PCRとシークエンス反応

シークエンス反応で起きていることはPCR反応そのものです。増幅されているのも２本鎖のDNAです。 ただし、通常のPCRではプライマーを２つ以上用いて、そのプライマーに挟まれた領域を増幅するのに対し、シークエンス反応ではプライマーは常に１つしか使いません。 ですから「検体の２本鎖DNAのうち、１本だけを鋳型にする」という意味では「増幅するのは１本鎖」という表現になるのですが、たいへん誤解しやすいので注意してください。PCRでもサイクルシークエンス反応でも、「増幅されるのは２本鎖」つまり反応の結果の産物は２本鎖DNAです。 PCRの原理は理解しての質問というのを前提に話を進めますが、サイクルシークエンス反応では、少し特殊なdNTPを使います。 このdNTPは、「このdNTPが組み込まれたら伸長がストップする」性質を持たせています。これをddNTPと言います。

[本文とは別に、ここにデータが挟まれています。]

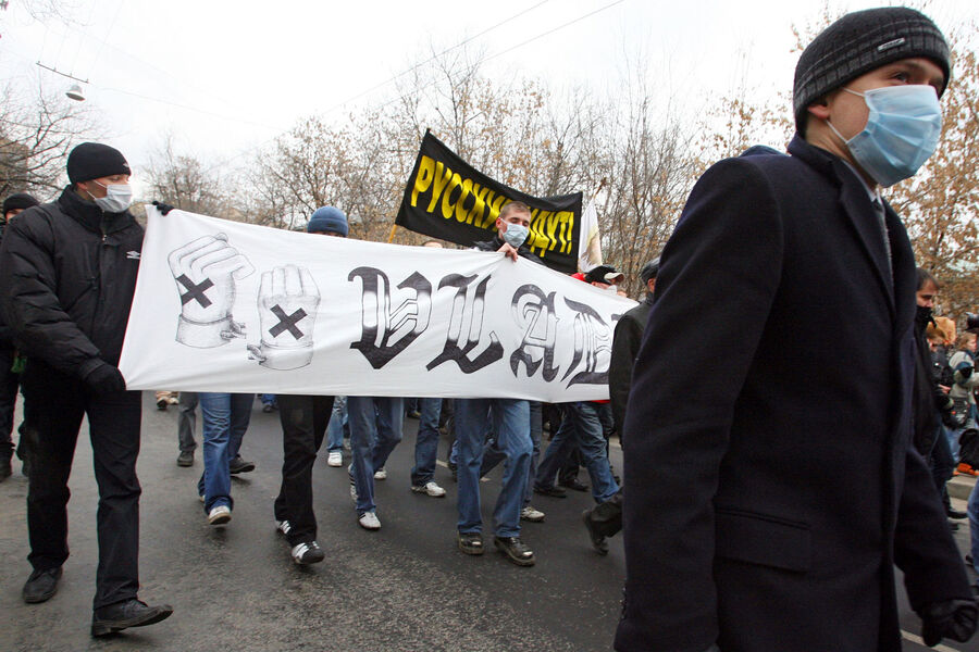 Их лозунги обычно звучали как «Власть белым», «Россия для русских, Москва для москвичей», и «Нелегальный иммигрант – иностранный оккупант».

サイクルシークエンス反応で持ちうる試薬のdNTPには、このddNTPが低濃度ですが含まれています。 この試薬でPCR反応を行うと、プライマーがアニールした位置からTaqが相補鎖を伸長していって２本鎖DNAを合成するのは通常のPCRと同じですが、一定の確率でddNTPが組み込まれたPCR産物はそこで伸長が止まりますから、反応が終わると最初の１塩基目で反応が止まったもの、２塩基目で反応が止まったもの、３塩基目で反応が止まったもの・・・という具合に調べたいDNAの長さが500塩基対であれば、その全ての塩基で伸長が止まった２本鎖DNAができるわけです。 この、「ddNTPを入れることによって、伸長を途中で止める」というのが、通常のPCRとサイクルシークエンス反応の違いのひとつです。 もうひとつの違いは、先に書きましたがプライマーを１つしか使わない、ということです。 このddNTPはTerminatorとも言いますが、これには色素で標識しています。それも４種類の塩基に対応した４色の色素を用いています。 つまり、サイクルシークエンス反応で得られた産物を電気泳動してやると、当然分子量が少ないものほど早く移動しますから、待ち構えて色素を読むと、最初にAが流れてきて次にCが流れてきた・・・というぐあいに、元の鋳型の塩基配列を読むことができるわけです。 なので、サイクルシークエンス反応は普通のPCRを行う機械（サーマルサイクラー）で行います。これもちょっと良いのだと100万以上する高額備品ですが、今時遺伝子関係の研究や検査をするラボではどこでも複数台は持ってるポピュラーなものです。 で、いわゆる「シークエンサ」と呼ばれる機械は数千万もする桁違いの高額備品ですが、これはざっくり言ってしまうと「超高精度な電気泳動装置」に過ぎません。基本的にはサイクルシークエンス反応で得られた産物を流すだけのことしかしませんから。 最近はシークエンスを外注に出すことが一般的になり、シークエンサを持っているところですら外注に出していたりします。機械のメンテ代より外注の経費の方が安くなってきたからですが（もちろん処理する検体数にもよるが）。 その時は検体DNAを精製して、サイクルシークエンス反応で使うプライマーと一緒に送る、というのが一般的です。 PCRの原理をきちんと理解していないとサイクルシークエンス反応も理解が難しいですが、簡単に書けばこういうところです。

基本的にやっていることは一緒です。 ただし、一般的なPCRはDNAの2本鎖を増幅させるのに対し、 シークエンス前のPCRでは片方の1本鎖しか増幅させません。